■ WORK TASK
Print the lines below word for word, beginning with the first and ending with the line that holds "宣讲报告会后,高洪雷陪同王可", and skip every picture.

■ INFORMATION PROVIDED
== Segment start ==

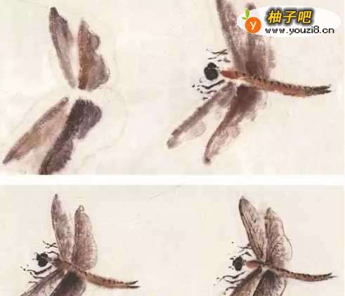 10草虫画法草虫个体小,形态、花纹、颜色多种多样,表现在画面上,就增添了几分情趣和生气,也能补救构图的不足,常见的草虫有蚱蜢、螳螂、天牛、蜜蜂、蝴蝶、飞蛾等。表现技法多样,有精工的勾填法,也有豪放的水墨法,亦有白描勾勒淡彩画法,可视画面整体布局选用不同的手法。蜻蜓画法示范
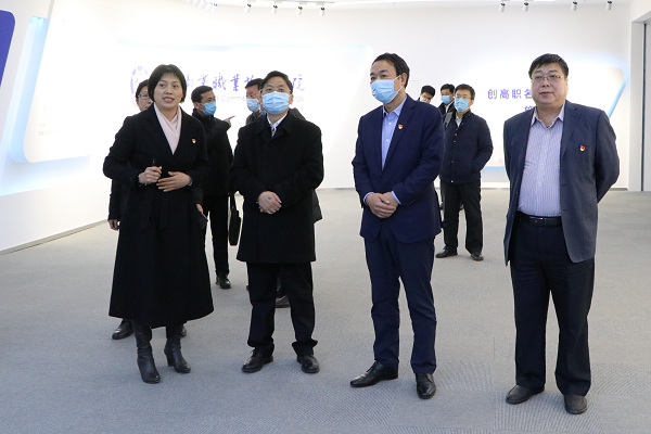 宣讲报告会后,高洪雷陪同王可实地调研了山东商院现代服务业大楼,参观了学校展厅、现代商务服务产教融合中心。王可对学校的创新创业教育开展情况、师资队伍建设、无水活鱼技术、农产品跨境运输以及由学生自主完成的VR视觉营销实战项目等进行了深入了解,并予以充分肯定。
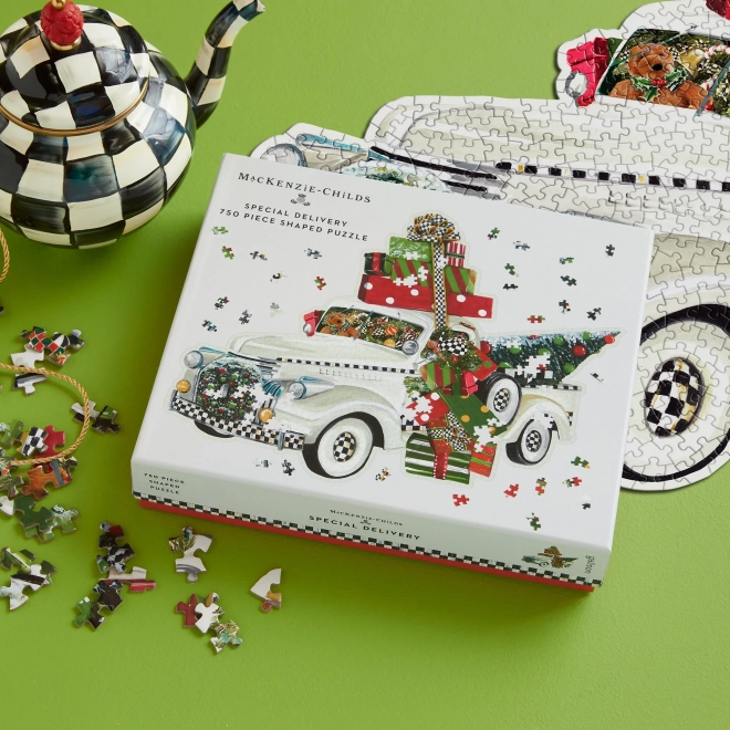 Vormpuzzel Speciale Zending met 750 stukjes. Unieke autovorm, formaat 79 × 62 cm, inclusief voorbeeld. Geweldig als vermaak én decoratie.

== Segment end ==

■ EXERCISE RESPONSE
 10草虫画法草虫个体小,形态、花纹、颜色多种多样,表现在画面上,就增添了几分情趣和生气,也能补救构图的不足,常见的草虫有蚱蜢、螳螂、天牛、蜜蜂、蝴蝶、飞蛾等。表现技法多样,有精工的勾填法,也有豪放的水墨法,亦有白描勾勒淡彩画法,可视画面整体布局选用不同的手法。蜻蜓画法示范
 宣讲报告会后,高洪雷陪同王可实地调研了山东商院现代服务业大楼,参观了学校展厅、现代商务服务产教融合中心。王可对学校的创新创业教育开展情况、师资队伍建设、无水活鱼技术、农产品跨境运输以及由学生自主完成的VR视觉营销实战项目等进行了深入了解,并予以充分肯定。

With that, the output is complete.